In the first part of their review, Ballester, Tirona, and Ballester consider three critical questions that are particularly relevant for the older patient. First, can the older individual mobilize sufficient numbers of hematopoietic stem cells that functionally restore stable and long-term hematopoiesis in the recipient? Anyone who has practiced hematology and evaluated bone marrow specimens from individuals of different ages is familiar with the predictable decreased cellularity seen with increasing age (10% per decade, on average). The reported decline in hematopoietic reserve, therefore, is not surprising.

The authors review interesting murine data showing that we have much to learn. Older mice are more anemic but can mobilize more hematopoietic stem cells and progenitor cells.[7,8] Additionally, myeloid/lymphoid ratios and stromal functions are abnormal, potentially of great significance in graft biology and the development of graft-vs-host disease.
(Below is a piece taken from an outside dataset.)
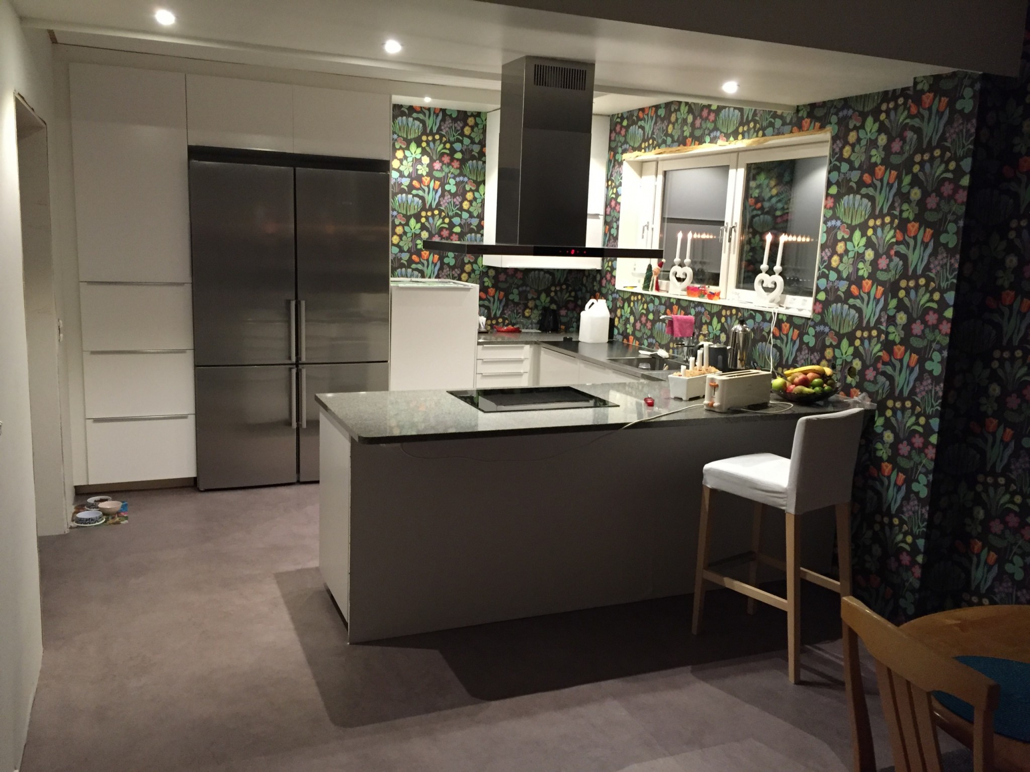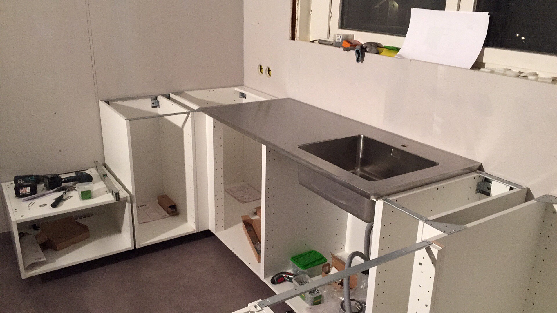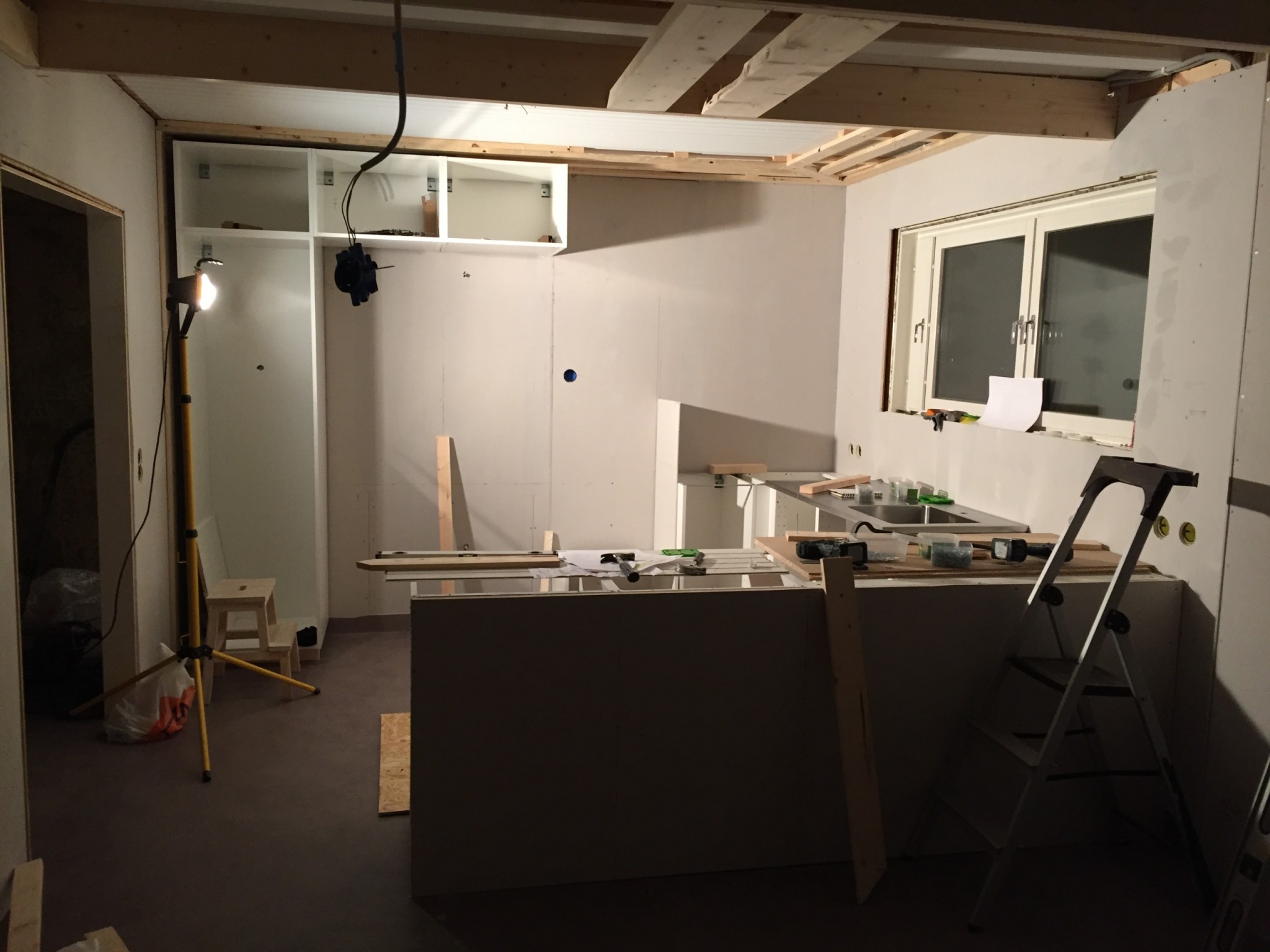 Det färdiga resultatet! Fattas lite lister, köksglaset och några eluttag.

In healthy older humans, CD34+ peripheral blood stem cells are decreased, and again, myeloid/lymphoid ratios are altered, but not necessarily in the same direction as in mice.[9]
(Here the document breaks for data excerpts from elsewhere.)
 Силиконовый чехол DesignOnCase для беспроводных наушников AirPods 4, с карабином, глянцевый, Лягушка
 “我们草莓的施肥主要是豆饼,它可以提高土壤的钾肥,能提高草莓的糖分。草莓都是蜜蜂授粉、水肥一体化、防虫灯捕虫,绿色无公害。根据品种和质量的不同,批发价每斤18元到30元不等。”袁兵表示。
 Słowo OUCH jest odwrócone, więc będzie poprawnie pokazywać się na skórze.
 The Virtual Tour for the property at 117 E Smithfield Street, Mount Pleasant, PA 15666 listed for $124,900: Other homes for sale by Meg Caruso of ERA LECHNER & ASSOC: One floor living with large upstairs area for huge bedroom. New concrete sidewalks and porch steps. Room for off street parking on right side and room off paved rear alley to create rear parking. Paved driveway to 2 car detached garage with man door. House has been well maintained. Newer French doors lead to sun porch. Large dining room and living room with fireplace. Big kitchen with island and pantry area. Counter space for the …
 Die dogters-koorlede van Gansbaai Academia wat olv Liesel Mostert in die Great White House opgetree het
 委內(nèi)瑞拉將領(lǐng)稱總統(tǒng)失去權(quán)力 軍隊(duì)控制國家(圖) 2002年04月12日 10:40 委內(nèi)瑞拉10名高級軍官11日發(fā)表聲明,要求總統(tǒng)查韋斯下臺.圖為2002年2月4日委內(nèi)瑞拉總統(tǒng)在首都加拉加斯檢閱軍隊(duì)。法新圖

Interestingly, the response of hematopoietic stem cells to hematopoietic growth factors may differ in older individuals as well.[10] Although progress awaits the development of biologic measures of bone marrow reserve, advances in improved peripheral blood stem cell mobilization and expansion, and alternative graft sources including double cord transplants and embryonic stem cells, Ballester and coauthors identify studies that support the idea that older individuals—including those over 70—can mobilize sufficient numbers of hematopoietic stem cells to functionally restore stable and long-term hematopoiesis.